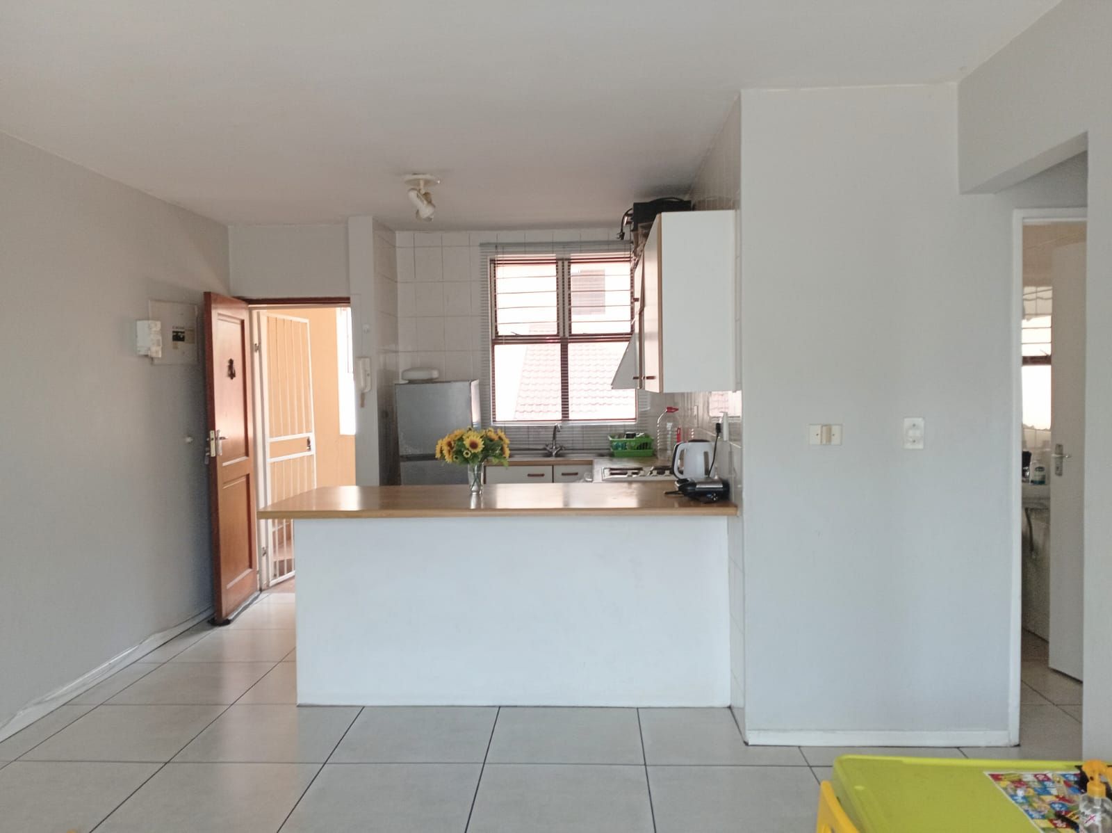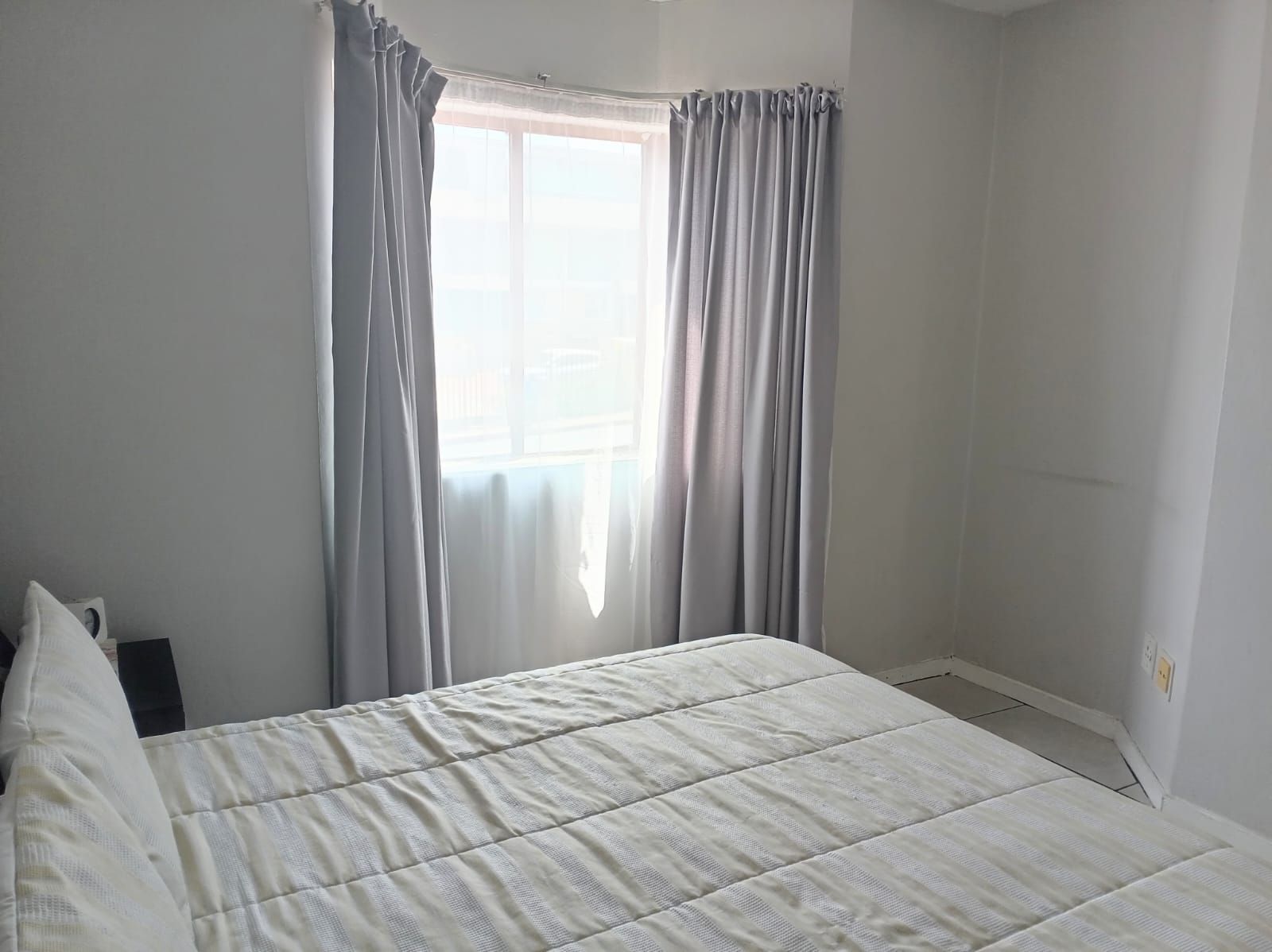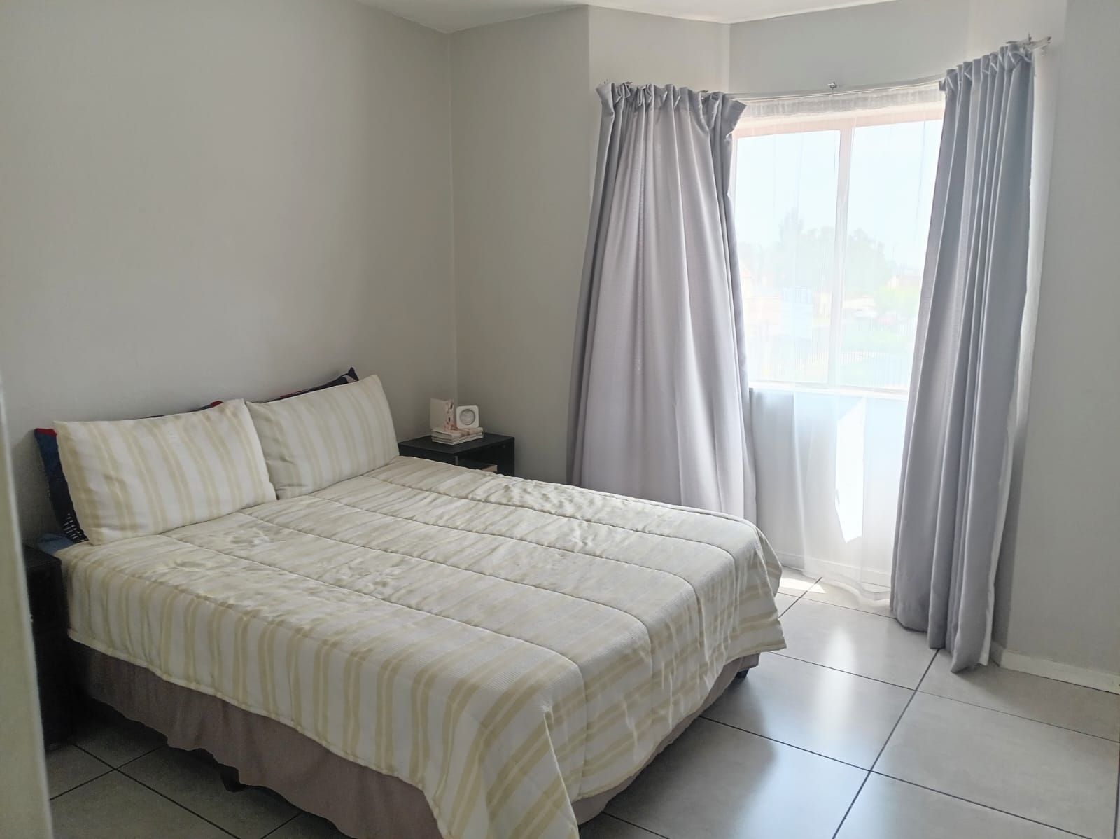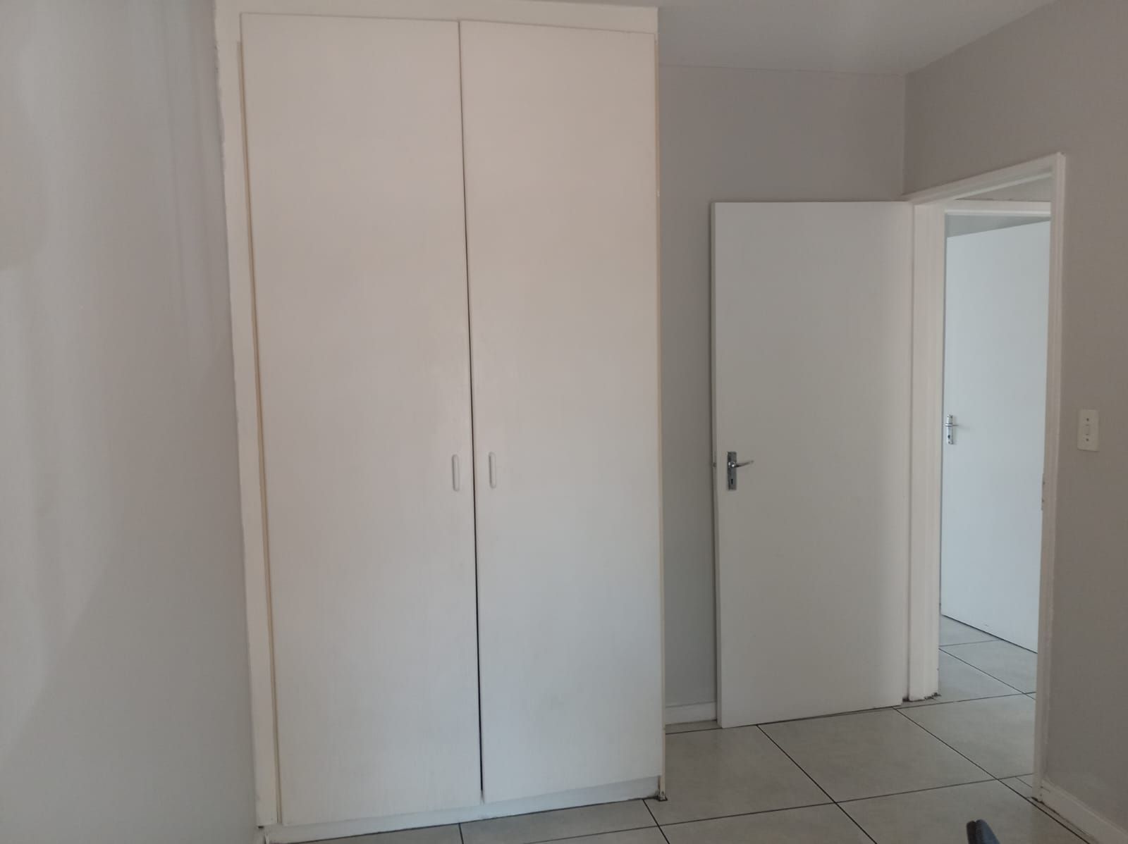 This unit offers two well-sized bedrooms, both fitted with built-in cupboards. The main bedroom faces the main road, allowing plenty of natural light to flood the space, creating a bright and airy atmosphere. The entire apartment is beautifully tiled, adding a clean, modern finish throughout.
● ● ● ●
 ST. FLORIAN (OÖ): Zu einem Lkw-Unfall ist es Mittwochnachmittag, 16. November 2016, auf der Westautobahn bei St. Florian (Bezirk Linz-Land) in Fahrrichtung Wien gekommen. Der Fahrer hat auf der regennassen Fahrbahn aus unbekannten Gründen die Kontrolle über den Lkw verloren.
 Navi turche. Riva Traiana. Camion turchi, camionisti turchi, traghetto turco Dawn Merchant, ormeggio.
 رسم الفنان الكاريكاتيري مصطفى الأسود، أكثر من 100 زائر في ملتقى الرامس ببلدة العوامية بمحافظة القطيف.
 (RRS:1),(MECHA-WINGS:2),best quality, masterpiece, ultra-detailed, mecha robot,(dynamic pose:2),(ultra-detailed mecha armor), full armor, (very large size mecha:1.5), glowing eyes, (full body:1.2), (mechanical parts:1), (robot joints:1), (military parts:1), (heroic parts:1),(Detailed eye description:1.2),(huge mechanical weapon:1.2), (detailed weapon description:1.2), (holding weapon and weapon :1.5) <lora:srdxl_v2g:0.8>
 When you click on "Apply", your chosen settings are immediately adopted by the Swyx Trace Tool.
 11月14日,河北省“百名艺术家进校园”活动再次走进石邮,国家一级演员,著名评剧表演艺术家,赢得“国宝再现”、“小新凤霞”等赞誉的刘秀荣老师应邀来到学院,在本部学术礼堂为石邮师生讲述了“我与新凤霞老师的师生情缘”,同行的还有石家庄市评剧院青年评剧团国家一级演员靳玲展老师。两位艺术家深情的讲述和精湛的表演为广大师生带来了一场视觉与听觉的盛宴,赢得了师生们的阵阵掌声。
● ● ● ●
» ABOUT THIS EXERCISE
Once you find the line with "Navi turche. Riva" in the entries above, output it and each line after it up to and including the line with "رسم الفنان الكاريكاتيري", and nothing else.

» WRITTEN RESPONSE
 Navi turche. Riva Traiana. Camion turchi, camionisti turchi, traghetto turco Dawn Merchant, ormeggio.
 رسم الفنان الكاريكاتيري مصطفى الأسود، أكثر من 100 زائر في ملتقى الرامس ببلدة العوامية بمحافظة القطيف.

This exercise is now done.